[petsc-users] Strange Partition in PETSc 3.11 version on some computers

Danyang Su danyang.su at gmail.com
Mon Sep 16 23:41:45 CDT 2019


On 2019-09-16 12:02 p.m., Matthew Knepley wrote:
> On Mon, Sep 16, 2019 at 1:46 PM Smith, Barry F. <bsmith at mcs.anl.gov 
> <mailto:bsmith at mcs.anl.gov>> wrote:
>
>
>       Very different stuff going on in the two cases, different
>     objects being created, different number of different types of
>     operations.

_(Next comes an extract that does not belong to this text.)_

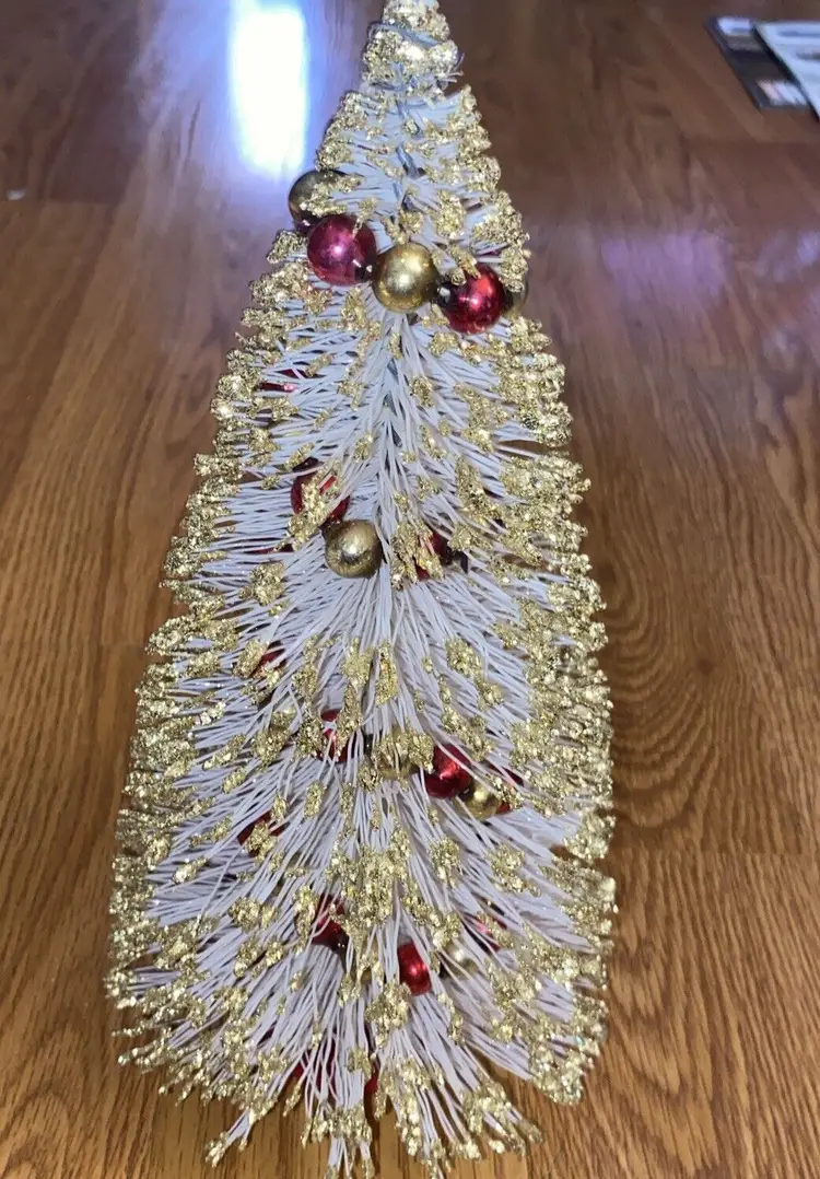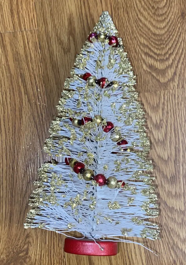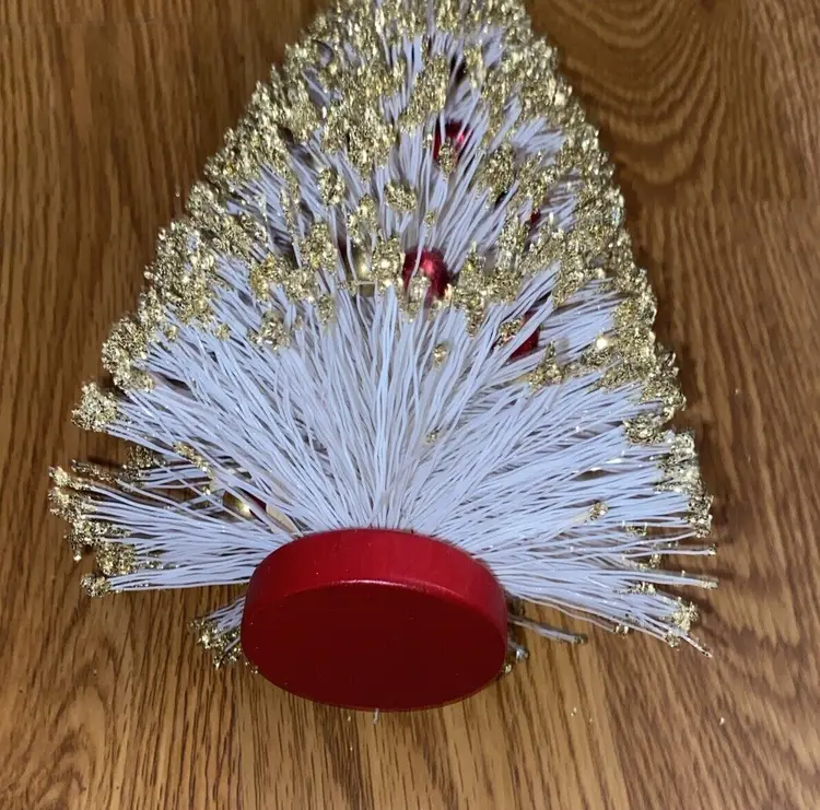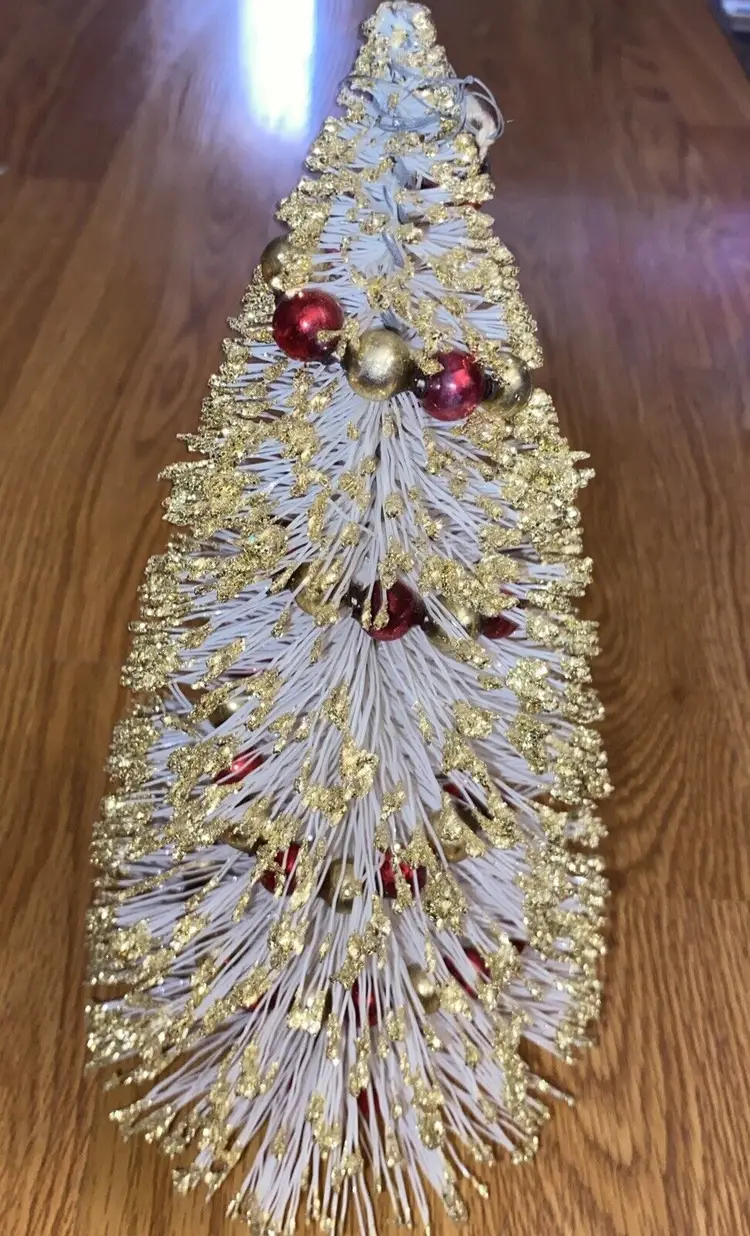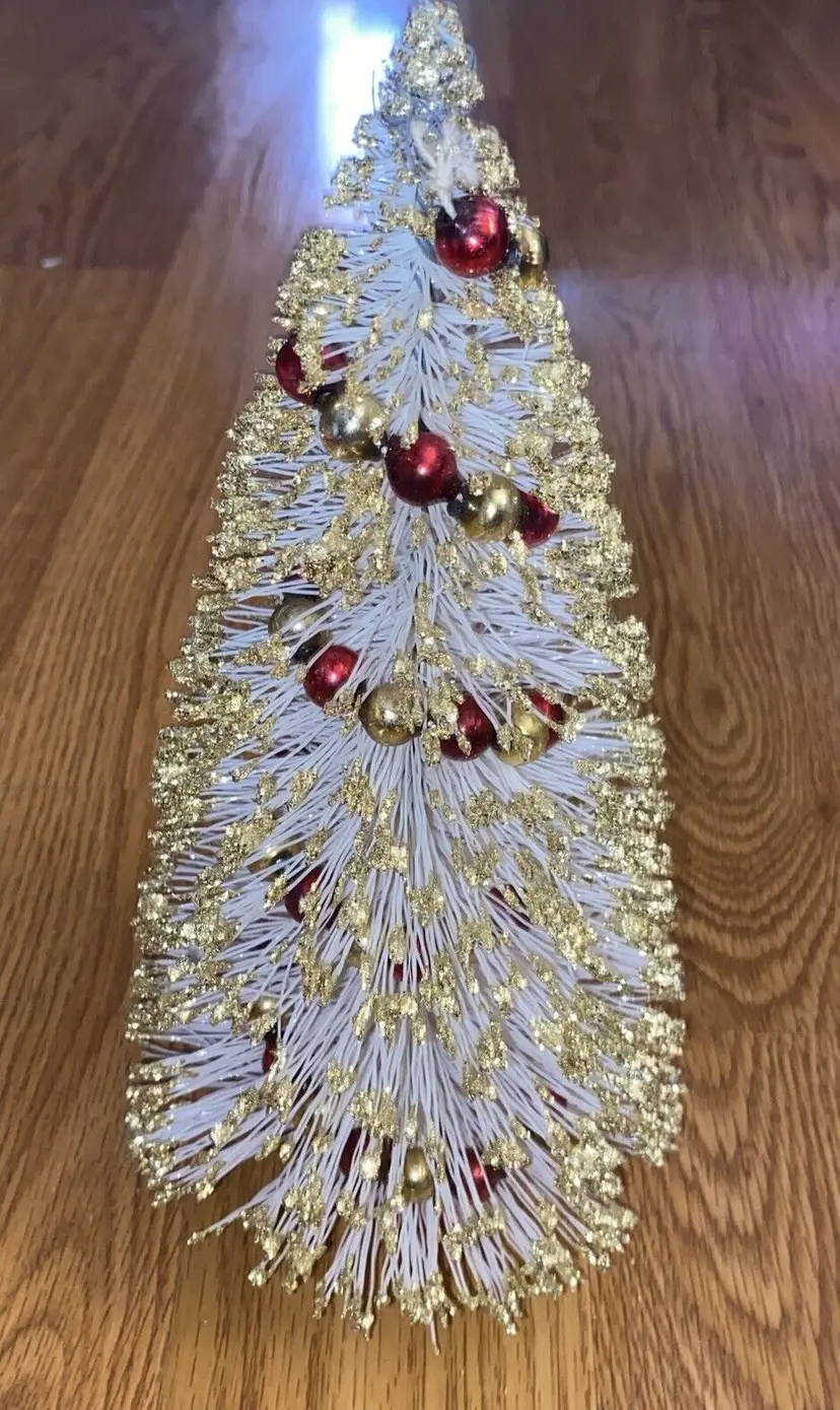 Brand: American Tree & Wreath Type: Tree Occasion: Christmas Form: Tree Artificial/Fresh: Artificial Common Name: Bottle Brush Color: White Item Height: 10.5” Product: Tabletop Mini Tree

Clearly a major refactorization of the code was done.
>     Presumably a regression was introduced that changed the behavior
>     dramatically, possible by mistake.
>
>        You can attempt to use git bisect to determine what changed
>     caused the dramatic change in behavior. Then it can be decided if
>     the changed that triggered the change in the results was a bug or
>     a planned feature.
>
>
> Danyang,
>
> Can you send me the smallest mesh you care about, and I will look at 
> the partitioning? We can at least get quality metrics
> between these two releases.
>
>   Thanks,
>
>      Matt

Hi Matt,

This is the smallest mesh for the regional scale simulation that has 
strange partition problem. It can be download via the link below.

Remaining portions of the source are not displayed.